Question: GF/s means Giga flops per second??
Giga flops per second would be it!
GF/s or GFLOPS is GigaFlops or 10^9 FLoating Operations Per Second. (GF/s is bit unusual abbreviation of GigaFLOP/S = GigaFLOPS, see e.g. here "Gigaflops (GF/s) = 10^9 flops" or here "gigaflops per second (GF/s)").
And it is clear for me that GF/s is not GFLOPS/s (not an acceleration).
You should remember that floating operation on CPU and on GPU usually counted in different way. For most CPU, 64-bit floating point format operations are counted usually. And for GPU - 32 bit, because GPU have much more performance in 32bit floating point.
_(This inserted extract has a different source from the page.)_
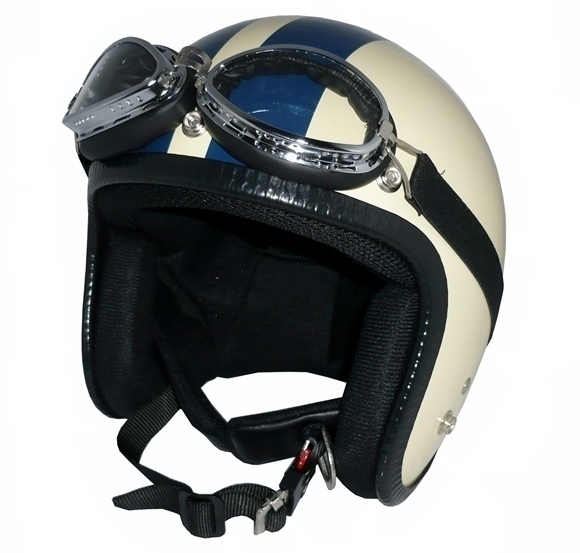 > ゴーグル付スモールジェット(アイボリ/ネイビ) SG公認 全排気量可 調整スポンジ付属 内装を外して洗える!
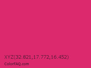 XYZ 32.821,17.772,16.452 Color is a normal rose color and the nearest color is Razzmatazz #e3256b. Hex code #db296e and RGB value is rgb(219,41,110). In RGB color space, this color is composed of 86% red, 16% green, 43% blue, In CMYK color space, this color is composed of 0% cyan, 81% magenta, 50% yellow , 14% black , In HSL color space, this color has a hue angle of 337° , 71% saturation and 51% lightness.

What types of operations are counted? Addition, subtraction and multiplication are. Loading and storing data are not counted. But loading and storing data is necessary to get data from/to memory and sometimes it will limit FLOPS achieved in real application (the article you cited says about this case, "memory bandwidth limited application", when CPU/GPU can deliver lot of FLOPS but memory can't read needed data so fast)
How FLOPS are counted for some chip or computer? There are two different metrics, one is for theoretical upper limit of FLOPS for this chip. It is counted by multipliing cores number, frequency of chip and floating point operations per CPU tick (it was 4 for Core2 and is 8 for Sandy Bridge CPUs).
Other metric is something like real-world flops, which are counted by running LINPACK benchmark (solving a huge linear system of equations). This benchmark uses matrix-matrix multiplication a lot and is kind of approximation of real-world flops. Top500 of supercomupters are measured by parallel version of LINPACK banchmark, the HPL. For single CPU, linpack can have up to 90-95% of theoretical flops, and for huge clusters it is in 50-85% range.
GF in this case is GigaFLOPS, but FLOPS is "floating point operations per second". I'm fairly certain that the author does not mean F/s to be "floating point operations per second per second", so GF/s is actually an error. (Unless you are talking about a computer that increases performance at runtime, I guess) The author probably means GFLOPS.